But voice commands have significantly evolved, and become built-in assistants that we now know by name. Siri, the iPhone assistant, now has an expanded list of varied commands that it can help you with.
How to wake Siri
Press and hold the home button: if you have a newer model without a home button, hold the side button down.
“Hey Siri”: the standard wake-up greeting should wake Siri to listen to your commands regardless of where you are, as long as you have an iPhone model 6S or later. If you have the 6 or earlier, your phone has to be plugged in and charging for the command to work.
Neither of these commands will work, however, if you don’t have them enabled in Settings. To do so, tap “Siri & Search,” in the Settings app, and toggle the relevant switch — “Listen for ‘Hey Siri'” or “Press Home/Side Button for Siri” — to the “on” position.

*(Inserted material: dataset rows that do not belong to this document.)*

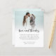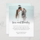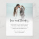 Budget 2 Photo Bold Script Wedding Love Thanks. A budget friendly SMALLER 4.5” x 5.6” alternative. Available in a SEMI GLOSS 110 lb CARD STOCK or a SATIN FINISH 80 lb THINNER PAPER STOCK. Love and thanks is in a bold set handwritten style. Easily personalise the rest of the text to your own details and replace the sample photos on the front and back with your own. Add your QR code to your wedding photo online gallery on the back by replacing the QR code on the sample. You can create QR codes for free online, search 'QR code generator'.
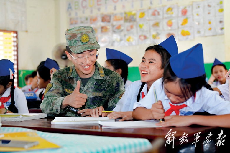 中方參演官兵教中老友好農(nóng)冰村小學(xué)的學(xué)生寫漢字。
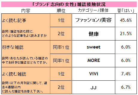 「ブランド志向の女性」が、“好きな雑誌”はsweetとMOREが同率ナンバーワン、“よく読む雑誌”は1位にViVi、2位にJJがランクインしました。
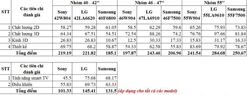 Theo đó, có một điểm chung ở cả ba hạng mục là phần thắng đều thuộc về sản phẩm của LG. Samsung về nhì ở hai phân khúc 46 - 47 inch và 55 inch, trong khi Sony được xếp thứ hai ở nhóm 40 - 42 inch, với kết quả chỉ thua kém chút ít so với sản phẩm của LG.
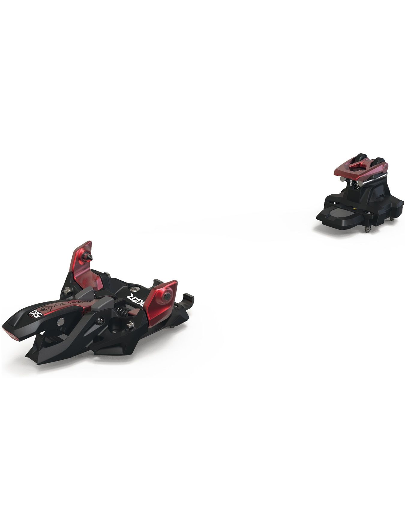Fixation de ski de randonnée Marker Alpinist, 490 g la paire, en aluminium, carbone et polyamide, avec step-in visuel, cales 0°/5°/9°, DIN 6-12 et anti-ice pads.
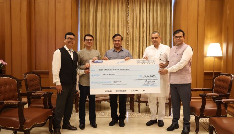 অসম খনিজ উন্নয়ন নিগম পৰিসীমিতৰ তৰফৰ পৰা মুখ্যমন্ত্ৰী সাহায্য পুঁজিলৈ ১ কোটি টকাৰ চেক প্ৰদান

If you want to issue commands even when the phone is locked, make sure “Allow Siri When Locked” is switched on, too.
On Apple Earpods: Press and hold the center button and speak into the built-in microphone to issue your command or ask your question.

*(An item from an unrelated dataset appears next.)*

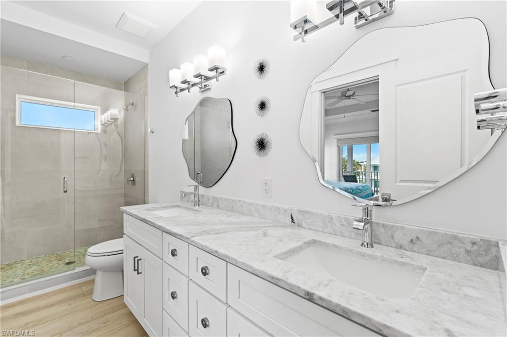 Experience the epitome of coastal luxury on Fort Myers Beach. Completed in August 2020 on the prestigious North End just steps from the beach, this TURNKEY residence offers 5 bedrooms, 5 full baths, your own private elevator and an array of upscale features designed for both comfort and entertaining. Inside, an expansive layout awaits, with two inviting living rooms, an open concept kitchen and great room floor plan complemented by a separate formal dining area, and a massive breakfast bar island. The gourmet kitchen is a chef’s dream, featuring a gas range, double wall oven, and a walk-in pantry. The residence also features two primary suites, one on each level, each with spa-inspired baths, one offering a standalone soaking tub and shower, and the other boasting a spacious double-head walk-in shower. Recent enhancements elevate the home's appeal, including a full home audio/visual system that enriches the ambiance, power shades in living area and primary bedroom, and tasteful shiplap accents throughout the living spaces that evoke a refined, luxury coastal feel. Outdoor living shines with multiple balconies that capture breathtaking views, enjoy sunrises over Estero Bay and unwind with spectacular sunsets over the sparkling Gulf waters. A downstairs game room opens directly to a saltwater heated pool overlooking the canal with floating jet ski docks and ample room for a boat. Ideal for both personal retreats and savvy investments, weekly rentals are allowed. This retreat invites you to embrace a lifestyle of unparalleled luxury, convenience, and coastal elegance, a residence you simply cannot miss.

On Apple Airpods: Double tap on either ear to activate Siri.
Voice commands for Siri to make calls or send messages
Once you’ve woken Siri and made sure your phone is listening for your command, there are any number of vocal directives that it will recognize. These include ones for communication, like:
Call or FaceTime someone on your contacts list, or call an emergency number: “Call Mom” or “Call the Fire Department.” You can also add more specific commands on top of these basic ones, like “Call Mom on speaker.”
Reading text messages or emails: “Read new messages” or “check my email.”
Sending text messages: “Tell [contact name] that I’ll be home at seven.”
Sending emails: “Send email to [contact name] about [subject] and say [message].”
Checking voicemail: “Do I have any voicemail?” or “Play new voicemail from William.”
Asking Siri questions
Weather: “What’s the weather today?” or the more specific “Do I need an umbrella?”
Math: “What’s 25 times 36?” or any number of other math problems, including tip calculations.
Mathematical conversions: “How many cups are in a quart?” or “How many feet in a meter?”
Time zone conversions: “What time is it in Chicago?”
Definitions, synonyms, antonyms, or etymologies of words: “What’s the definition of arduous?” or “What’s the etymology of arduous?”
The dates of holidays: “When is Easter this year?”